9. The method according to any one of the preceding claims, characterized in that the metallic compound (22) consists essentially of a metal or a metal alloy, in particular a noble metal or a noble metal-containing alloy.

10. The method according to any one of claims 1 to 9, characterized in that the to be analyzed cross-sectional area (24) of the sample body (10) by subsequent machining material removal, in particular by grinding and / or lapping and / or polishing, is generated.

11. The method according to any one of claims 1 to 9, characterized in that the to be analyzed cross-sectional area (24) of the sample body (10) is a smooth fracture surface and the at least one sample surface (12) of the sample body (10) and the at least one contact surface ( 16) of the metal body (14) are joined flush.

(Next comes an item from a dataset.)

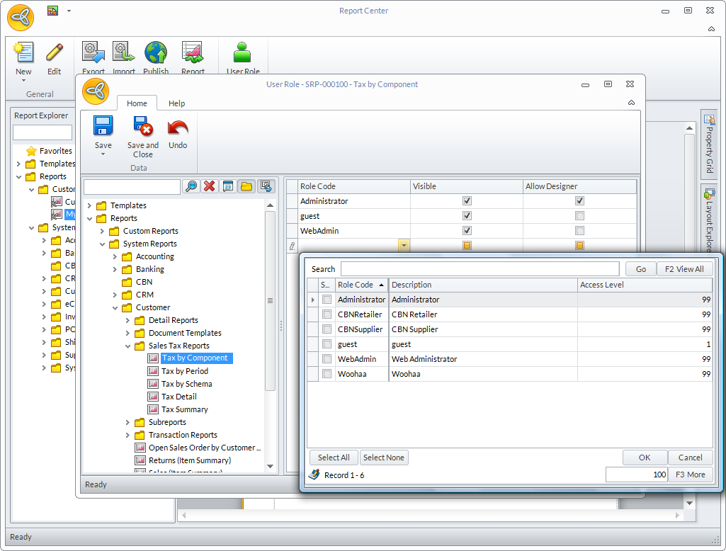 - On the Report Center window, click the User Role button from the menu options.
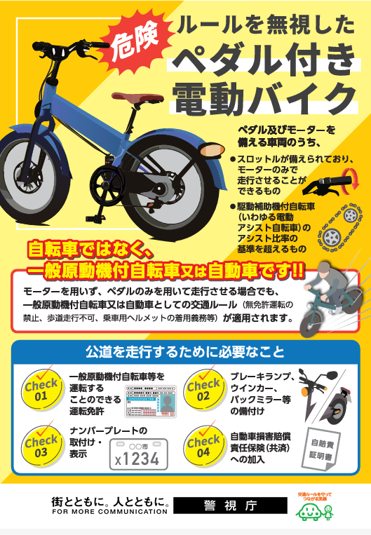 最近はペダル付きの電動バイクが街中を走っていることも珍しくなくなっています。

12. The method according to any one of the preceding claims, characterized in that the sample body (10) has a thickness (d) of at most 10 mm, in particular of at most 1 mm.

13. The method according to any one of the preceding claims, characterized in that the sample body (10) is a semiconductor wafer or a portion of such.

14. The method according to any one of the preceding claims, characterized in that the sample body (10) has a pattern as a focusing aid and / or calibration aid for a measuring device, in particular a spectrometric or microscopic device.

15. A preparation (100), which can be produced by a method according to one of claims 1 to 14, comprising at least one flat sample body (10) with at least one sample surface (12), at least one metal body (14) with at least one contact surface (16) the at least one sample surface (12) and the at least one contact surface (16) are joined together flat over a metallic connecting layer (22).